Tosca Lee's Demon: A Memoir is a jaw-dropping novel of suspense and great intrigue. Lee's way with words is purely amazing, and the story moves at an equally remarkable rate.
Clay, a failed editor with a painful new life in the wake of his wife's divorce, meets a mysterious "man" in Boston, his hometown, at a local restaurant. This creature claims to be a fallen angel, a demon, called Lucian, who tells Clay that Clay must write down every word of what he says and publish it. Clay, not believing Lucian for a minute, challenges him, but Lucian proves to have either been planning a trick encounter for many years, or is genuinely who he claims to be. Lucian knows things about Clay's life that no one could possibly know, and his timing is laced with perfection. Clay, rather shaken up after Lucian leaves, goes home and lives in paranoia for the rest of his day, waiting to see if Lucian, this captivating yet terrifying entity, shows again as promised. Lucian is true to his word by the next day, making use of Clay's work calendar to warn him of his appearances. This time Clay meets Lucian in a large library, and a series of increasingly bizarre encounters ensue as Clay is compelled to write it all down. Soon in complete disarray, Clay is literally living his life for these tumultuous encounters. Lucian details his rather lengthy life story during the span of the meetings, always obsessed with time. The fallen angel tells of his fall from grace, his imprisonment on earth because of one wrong choice, watching humanity disregard El's sacred gift never offered to him. The fascinating story's finale is astounding, the characters are easy to identify with (particularly Clay), and as stated above, Lee's writing is magnificent. I can hardly wait until my hands hold her second novel, Havah: The Story of Eve.

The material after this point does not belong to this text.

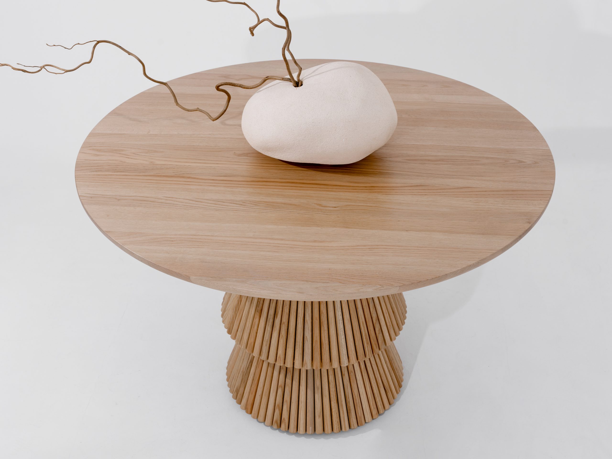Dompel jezelf onder in de perfecte balans van functionaliteit en esthetiek met onze prachtige Japandi eettafel. Handgemaakt met liefde voor detail en geïnspireerd door de rustige eenvoud van de Japanse en Scandinavische ontwerpen, brengt deze tafel een vleugje zen in jouw eetruimte.
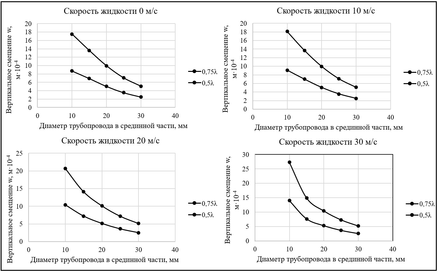 По полученным значениям, представленным в таблицах 6, 7 были построены графики зависимости вертикальных смещений от диаметра сечения трубопровода в срединной части — 10, 15, 20, 25, 30 мм, при различных скоростях движения жидкости — 0, 10, 20, 30 м/с (рис. 6).

Demon: A Memoir is an amazing work that I was unable to stop reading. The flow is perfect, the imagery that the novel produces with regards to many briefly covered events in Scripture is resonant with meaning, and the demon Lucian's well-painted hatred of humans seems well-motivated, about which I had always wondered. Now I see more clearly how the fallen angels are motivated to wreak havoc as they do, hating El's chosen creatures "made of clay; the dust of the ground". This novel is an imaginative, wonderful work illuminating several aspects of theology which are often overlooked.